== DATA PROVIDED ==

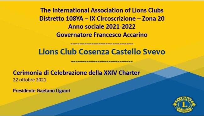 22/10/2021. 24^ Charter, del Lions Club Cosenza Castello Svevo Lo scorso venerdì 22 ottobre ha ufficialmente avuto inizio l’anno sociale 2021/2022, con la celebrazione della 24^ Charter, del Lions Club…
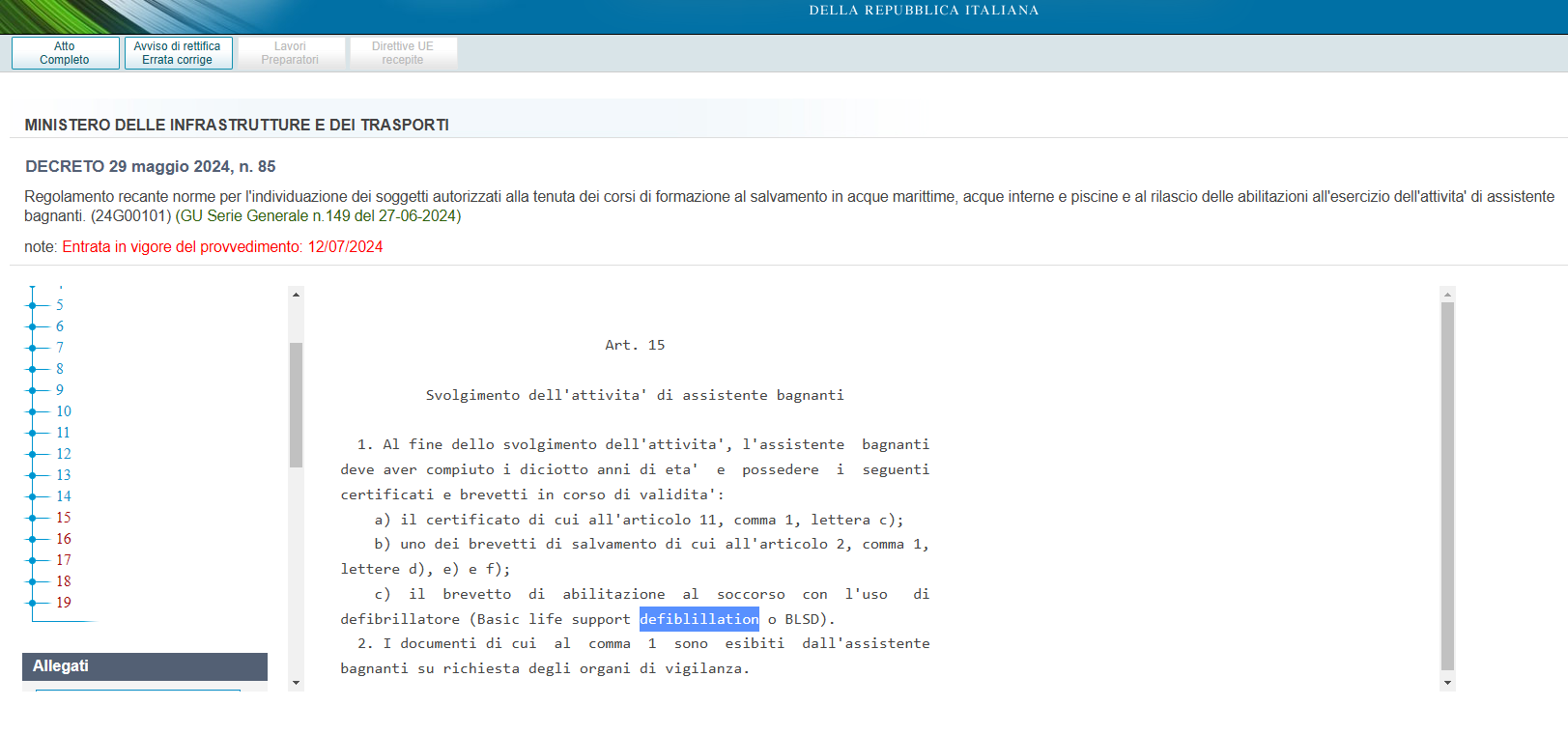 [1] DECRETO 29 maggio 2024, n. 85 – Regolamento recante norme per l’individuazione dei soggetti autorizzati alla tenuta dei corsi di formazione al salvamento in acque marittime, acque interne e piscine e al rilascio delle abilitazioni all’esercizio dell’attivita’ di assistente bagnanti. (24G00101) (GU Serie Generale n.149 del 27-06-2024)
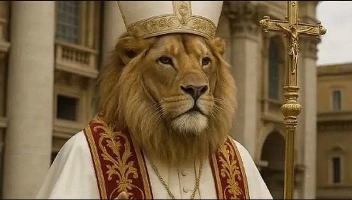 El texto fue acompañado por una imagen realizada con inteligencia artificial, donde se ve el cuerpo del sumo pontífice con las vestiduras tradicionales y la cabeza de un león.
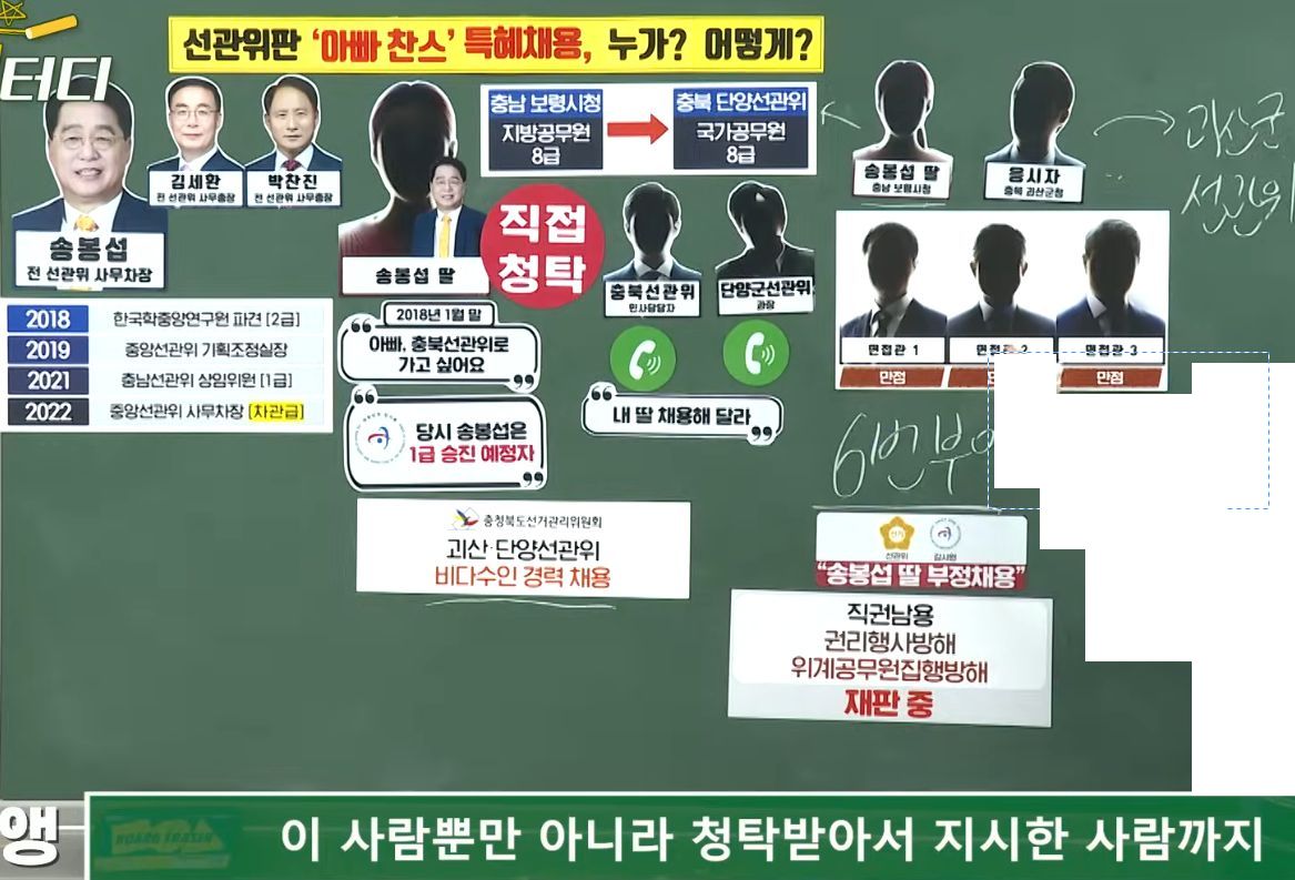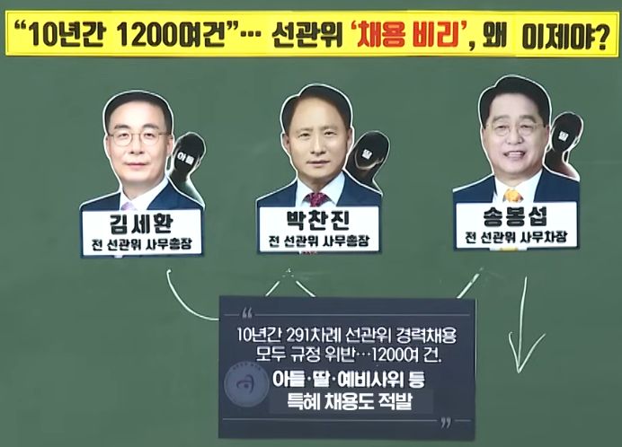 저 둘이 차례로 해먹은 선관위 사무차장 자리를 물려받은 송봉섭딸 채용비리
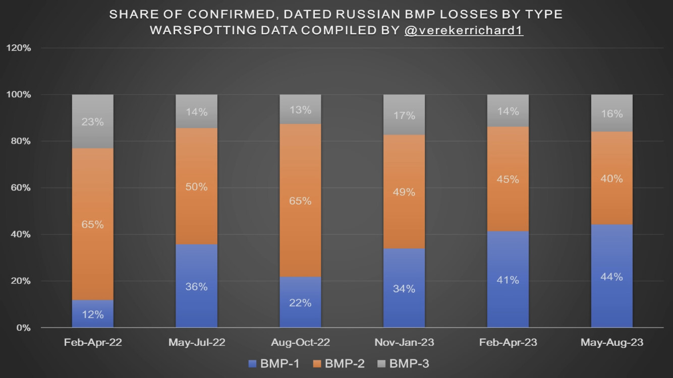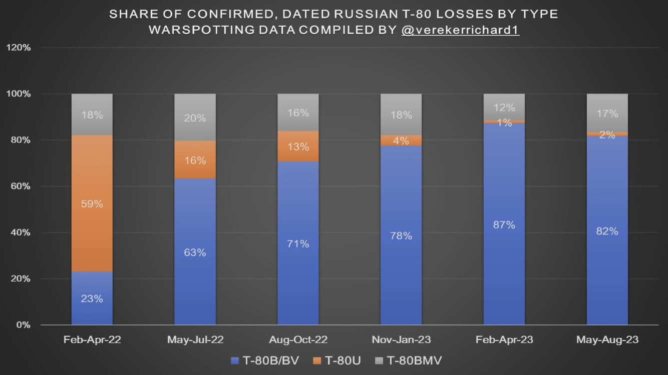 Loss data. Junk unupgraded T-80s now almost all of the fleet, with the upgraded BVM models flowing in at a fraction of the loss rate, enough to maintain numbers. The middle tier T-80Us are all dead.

===

WHAT YOU WILL DO:
Everything from the line that contains "El texto fue" through the final line of the material should be returned exactly, except the pictures.

ANSWER FOR THE TASK:
 El texto fue acompañado por una imagen realizada con inteligencia artificial, donde se ve el cuerpo del sumo pontífice con las vestiduras tradicionales y la cabeza de un león.
 저 둘이 차례로 해먹은 선관위 사무차장 자리를 물려받은 송봉섭딸 채용비리
 Loss data. Junk unupgraded T-80s now almost all of the fleet, with the upgraded BVM models flowing in at a fraction of the loss rate, enough to maintain numbers. The middle tier T-80Us are all dead.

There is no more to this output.